• WHAT THE TASK REQUIRES
Transcribe exactly the lines from the one holding "Bu bağlamda üyemiz" through the closing line of the entries below. Pictures stay out of the copy.

───── MATERIAL FOR THE TASK ─────

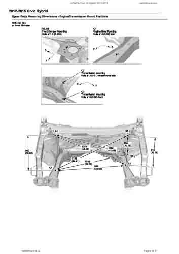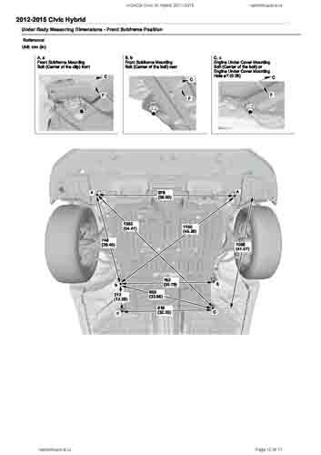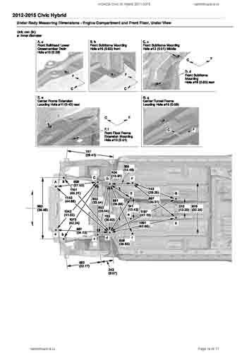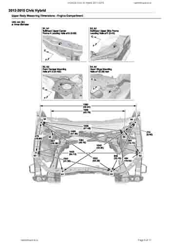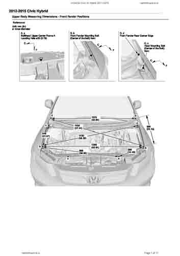 Контрольные кузовные размеры HONDA Civic IX Hybrid 2011-2015 из официального руководства по ремонту кузова. Содержат размеры верхней и нижней части кузова, в том числе размеры моторного отсека, диагональные размеры проемов кузова, размеры подрамников и контрольные точки для восстановления геометрии кузова. Даны значения допустимых зазоров кузовных панелей.
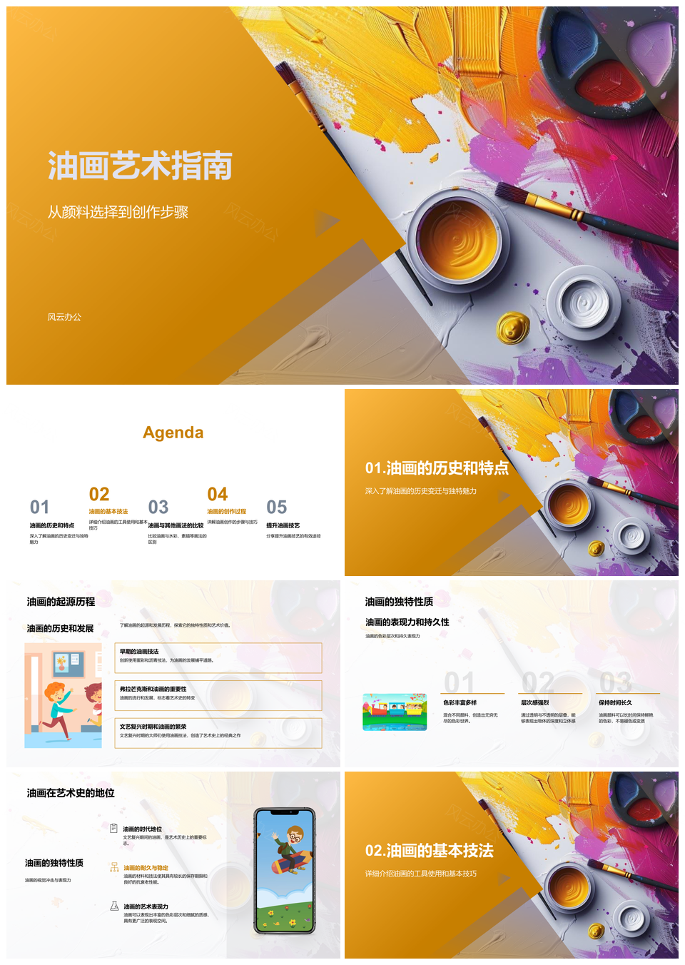 这是一张2025高中油画艺术课起源工具技巧步骤颜料指南PPT模板,包含2025、高中、油画艺术课、起源、工具、技巧、步骤、颜料、指南等主题内容,也可用作2025高中油画艺术课、高中油画艺术课起源、油画艺术课起源工具、艺术课起源工具技巧、起源工具技巧步骤、工具技巧步骤颜料、技巧步骤颜料指南、高中油画起源工具、油画艺术课技巧步骤、艺术课工具技巧颜料、起源步骤颜料指南、2025高中油画技巧、高中艺术课工具步骤、油画起源技巧颜料、艺术课步骤颜料指南等PPT场景使用。 风云办公提供的2025高中油画艺术课起源工具技巧步骤颜料指南PPT模板,下载格式为pptx,一共24页,作品中文字及图均可以修改和编辑,图片更改请在作品中右键图片并更换,文字修改请直接点击文字进行修改。
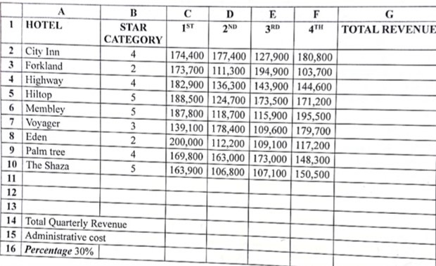 1.The management of a company owning a chain of hotels intends to use a spreadsheet to compute the revenues in thousands of Kenya shillings for the hotels during the first, second, third and fourth quarters. The hotels are rated as 2 star , 3 star , 4 star and 5 star.Figure 1 shows an extract of the worksheet
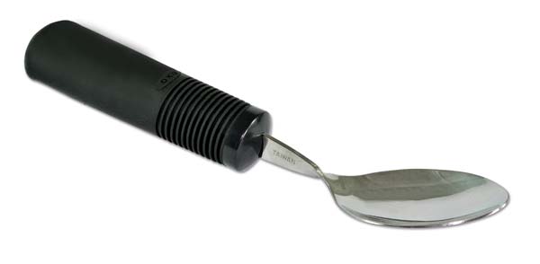 Besteck für Personen mit eingeschränkter Handbeweglichkeit. Rutschfester Vollgummigriff, stoßdämpfend, spülmaschinengeeignet, Grifflänge: 11 cm, Griff-Ø: 3,5 cm, Gewicht: 80 g. Ausführung: Esslöffel, biegsam und einmal individuell anpassbar, schwarz.
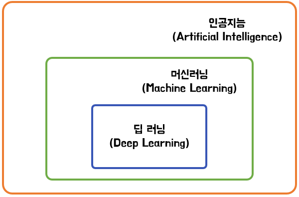 위에서 말씀드린 머신러능은 인공지능의 한분야입니다. 그리고 딥러닝은 머신러닝의 한분야이고요.
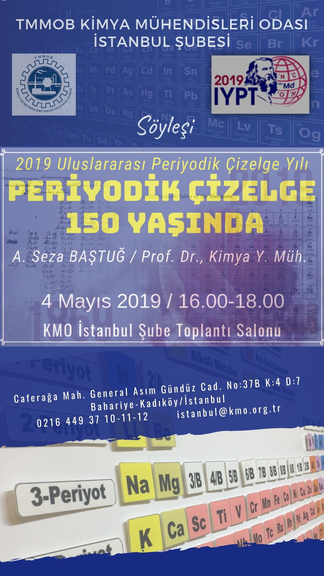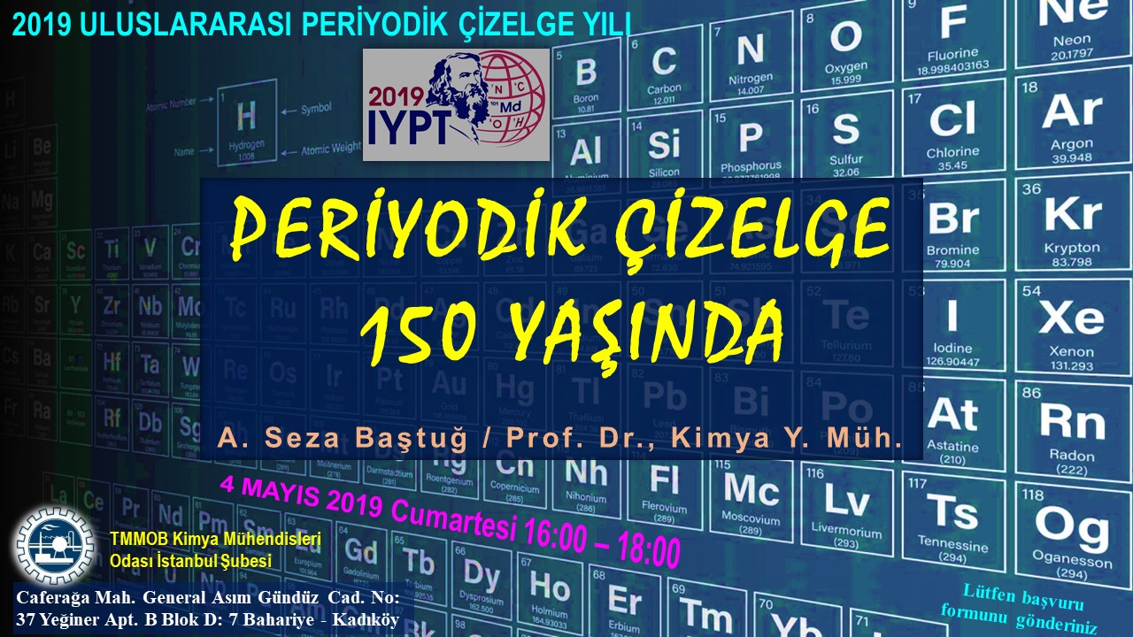 Bu bağlamda üyemiz Prof. Dr. A. Seza Baştuğ`un sunacağı "Periyodik Çizelge 150 Yaşında" başlıklı söyleşimize katılımınızı bekliyoruz.
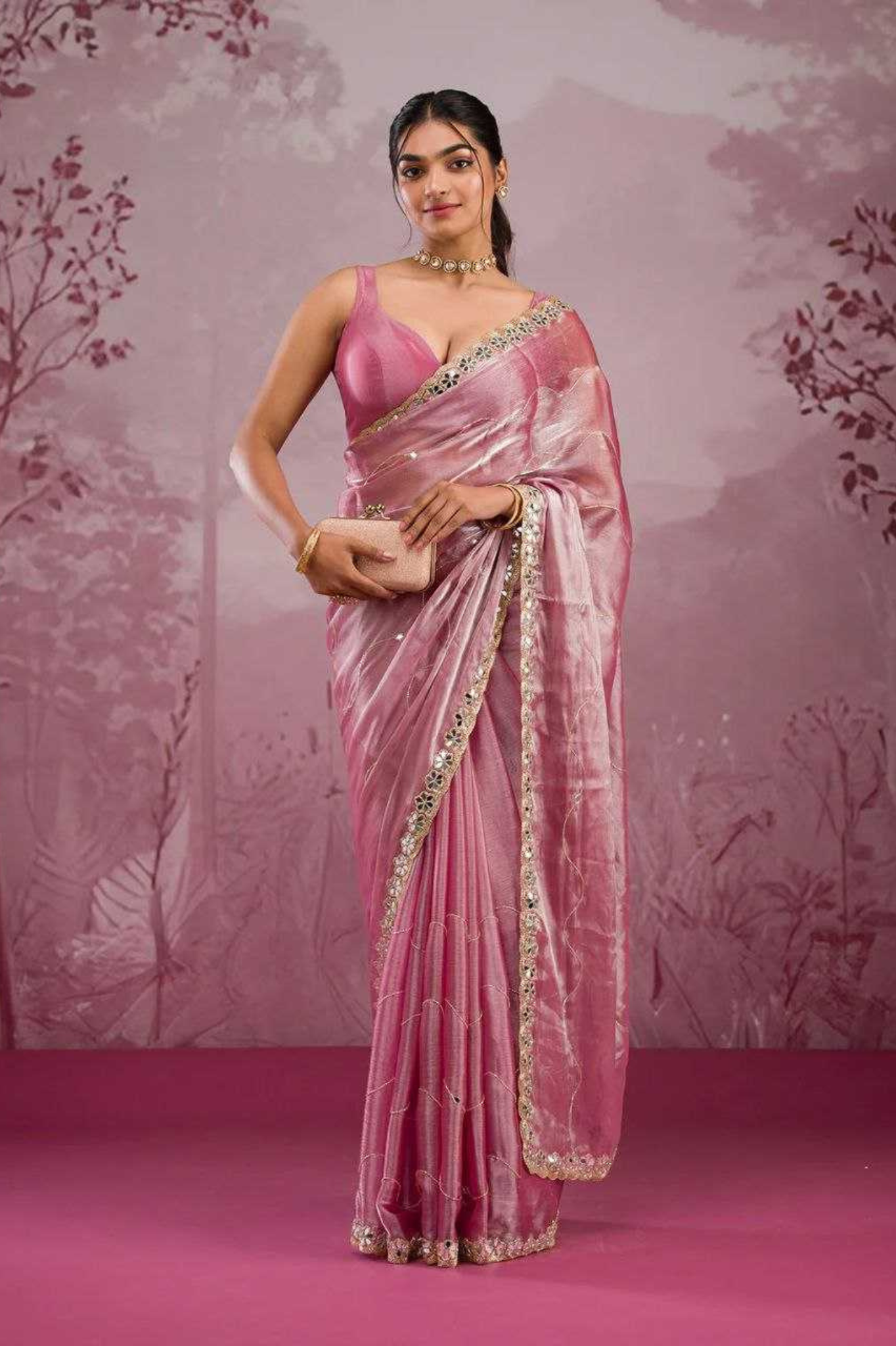 Step into the spotlight with this stunning Pink silk saree, exquisitely embellished with glitter dori work and real mirror detailing...

─────

• SOLVED EXERCISE
 Bu bağlamda üyemiz Prof. Dr. A. Seza Baştuğ`un sunacağı "Periyodik Çizelge 150 Yaşında" başlıklı söyleşimize katılımınızı bekliyoruz.
 Step into the spotlight with this stunning Pink silk saree, exquisitely embellished with glitter dori work and real mirror detailing...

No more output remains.